MATERIAL PROVIDED »

════════════════

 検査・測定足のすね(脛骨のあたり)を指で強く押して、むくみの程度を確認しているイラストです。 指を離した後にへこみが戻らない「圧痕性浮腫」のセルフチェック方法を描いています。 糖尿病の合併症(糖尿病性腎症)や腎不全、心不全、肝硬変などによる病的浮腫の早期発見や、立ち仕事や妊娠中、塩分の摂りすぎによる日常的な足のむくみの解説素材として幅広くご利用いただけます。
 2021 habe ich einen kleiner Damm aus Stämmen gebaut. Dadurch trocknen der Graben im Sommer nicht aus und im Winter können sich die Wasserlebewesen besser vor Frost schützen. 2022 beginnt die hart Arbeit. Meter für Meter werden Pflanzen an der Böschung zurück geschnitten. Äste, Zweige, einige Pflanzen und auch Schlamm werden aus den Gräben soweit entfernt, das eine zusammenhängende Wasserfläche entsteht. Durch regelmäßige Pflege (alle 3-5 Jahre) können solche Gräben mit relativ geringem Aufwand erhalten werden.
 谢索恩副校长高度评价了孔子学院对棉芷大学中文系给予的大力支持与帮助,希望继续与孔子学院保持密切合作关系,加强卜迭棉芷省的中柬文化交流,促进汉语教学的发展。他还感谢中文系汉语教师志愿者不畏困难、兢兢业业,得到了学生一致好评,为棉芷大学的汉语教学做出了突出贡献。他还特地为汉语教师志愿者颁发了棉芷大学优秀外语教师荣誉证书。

════════════════

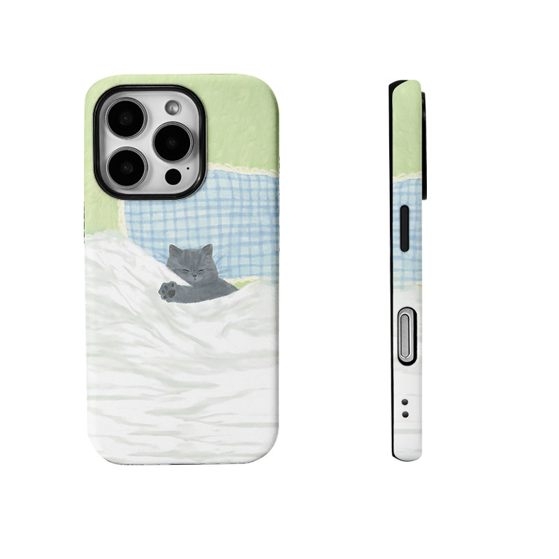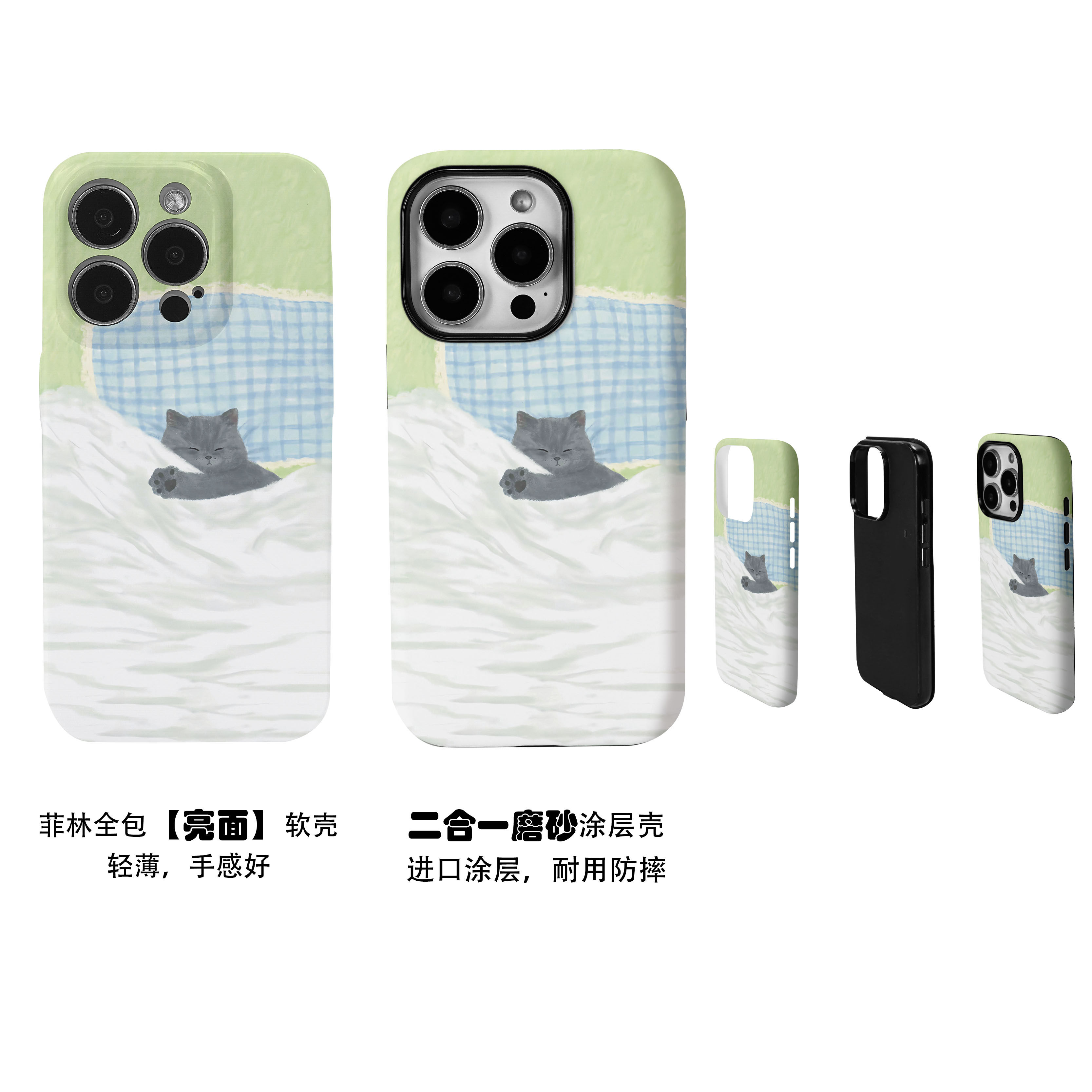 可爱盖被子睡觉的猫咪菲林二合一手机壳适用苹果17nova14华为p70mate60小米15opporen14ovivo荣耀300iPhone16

════════════════

WHAT YOU NEED TO DO »
Among the entries above, the line containing "2021 habe ich", the line containing "谢索恩副校长高度评价了孔子学", and all lines between them are to be restated word for word; nothing else belongs in the reply.

TASK RESPONSE »
 2021 habe ich einen kleiner Damm aus Stämmen gebaut. Dadurch trocknen der Graben im Sommer nicht aus und im Winter können sich die Wasserlebewesen besser vor Frost schützen. 2022 beginnt die hart Arbeit. Meter für Meter werden Pflanzen an der Böschung zurück geschnitten. Äste, Zweige, einige Pflanzen und auch Schlamm werden aus den Gräben soweit entfernt, das eine zusammenhängende Wasserfläche entsteht. Durch regelmäßige Pflege (alle 3-5 Jahre) können solche Gräben mit relativ geringem Aufwand erhalten werden.
 谢索恩副校长高度评价了孔子学院对棉芷大学中文系给予的大力支持与帮助,希望继续与孔子学院保持密切合作关系,加强卜迭棉芷省的中柬文化交流,促进汉语教学的发展。他还感谢中文系汉语教师志愿者不畏困难、兢兢业业,得到了学生一致好评,为棉芷大学的汉语教学做出了突出贡献。他还特地为汉语教师志愿者颁发了棉芷大学优秀外语教师荣誉证书。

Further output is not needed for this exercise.